Transcribe the records word for word. Leave every picture out.

:: Records for this exercise ::

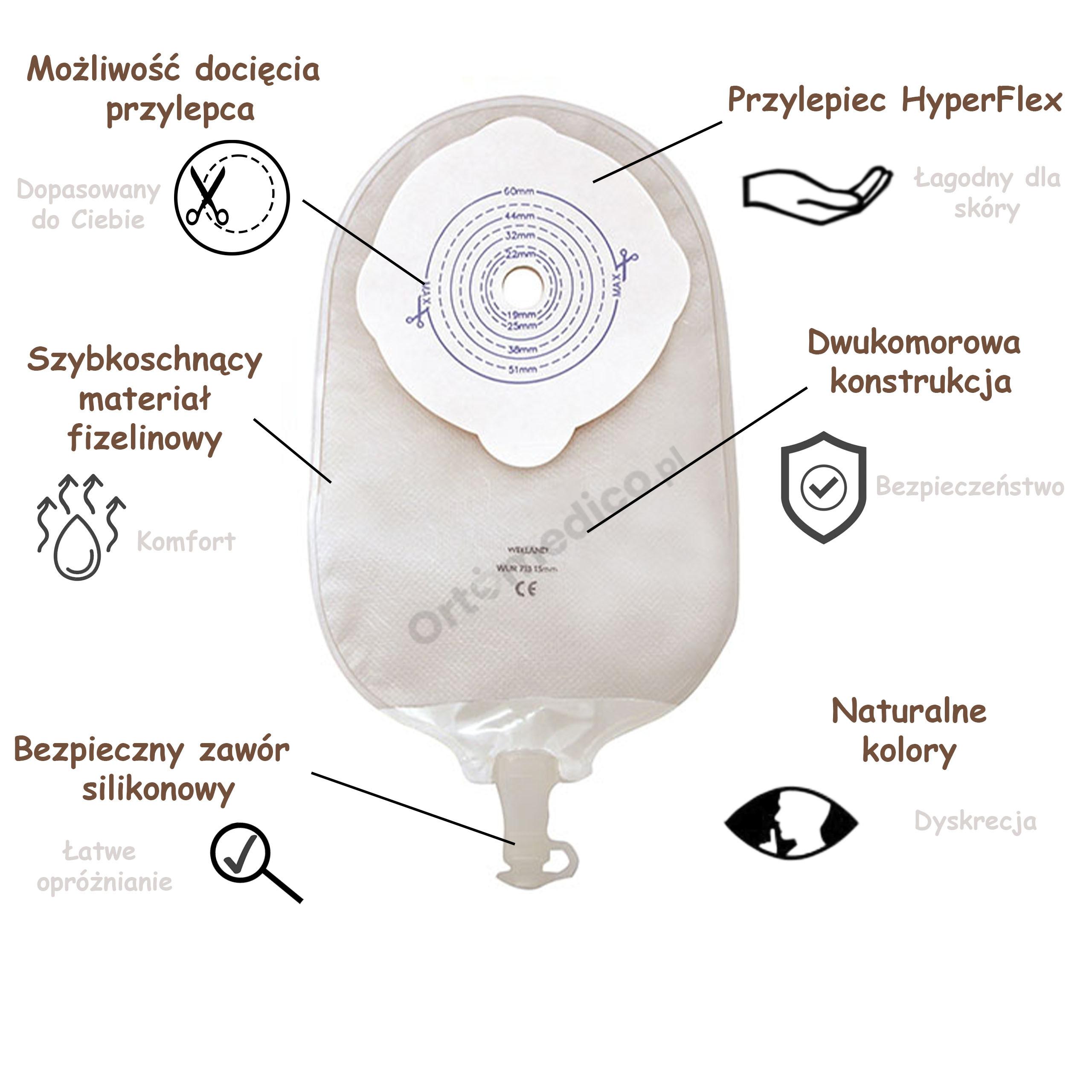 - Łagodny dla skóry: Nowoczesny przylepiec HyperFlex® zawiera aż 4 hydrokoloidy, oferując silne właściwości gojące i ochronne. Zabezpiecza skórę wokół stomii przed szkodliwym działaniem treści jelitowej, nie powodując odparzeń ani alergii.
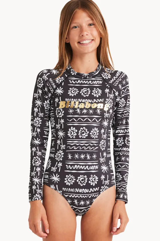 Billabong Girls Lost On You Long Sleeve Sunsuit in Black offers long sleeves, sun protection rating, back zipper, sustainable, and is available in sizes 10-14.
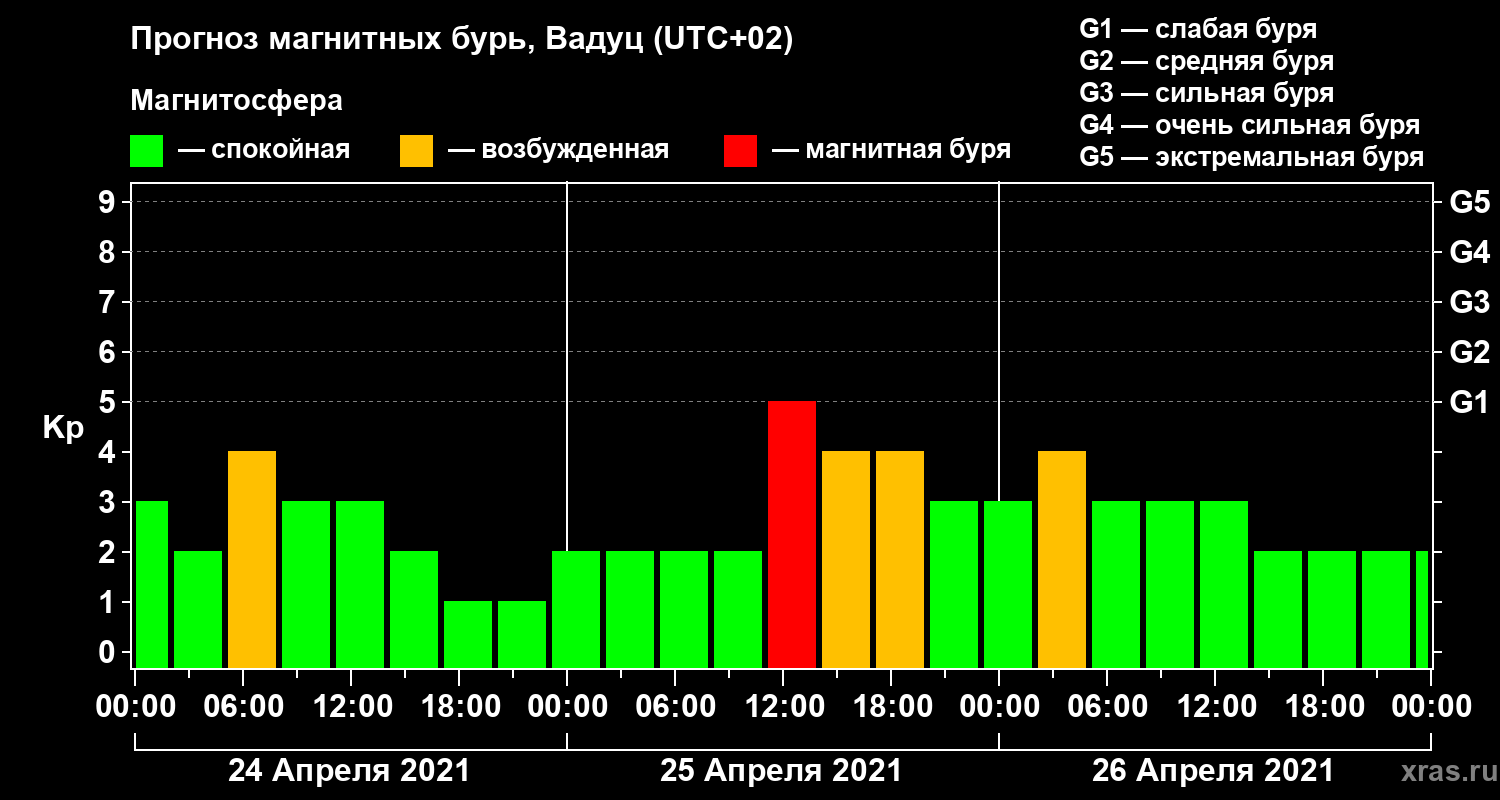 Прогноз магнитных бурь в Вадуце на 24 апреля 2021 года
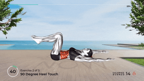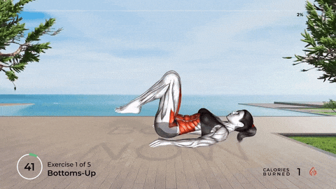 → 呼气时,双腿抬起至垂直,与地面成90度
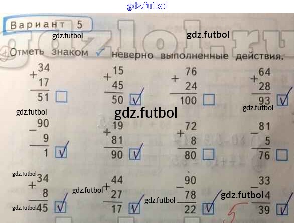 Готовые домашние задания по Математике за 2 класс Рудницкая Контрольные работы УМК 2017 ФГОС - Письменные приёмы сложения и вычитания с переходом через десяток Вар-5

:::

Result of this exercise:
 - Łagodny dla skóry: Nowoczesny przylepiec HyperFlex® zawiera aż 4 hydrokoloidy, oferując silne właściwości gojące i ochronne. Zabezpiecza skórę wokół stomii przed szkodliwym działaniem treści jelitowej, nie powodując odparzeń ani alergii.
 Billabong Girls Lost On You Long Sleeve Sunsuit in Black offers long sleeves, sun protection rating, back zipper, sustainable, and is available in sizes 10-14.
 Прогноз магнитных бурь в Вадуце на 24 апреля 2021 года
 → 呼气时,双腿抬起至垂直,与地面成90度
 Готовые домашние задания по Математике за 2 класс Рудницкая Контрольные работы УМК 2017 ФГОС - Письменные приёмы сложения и вычитания с переходом через десяток Вар-5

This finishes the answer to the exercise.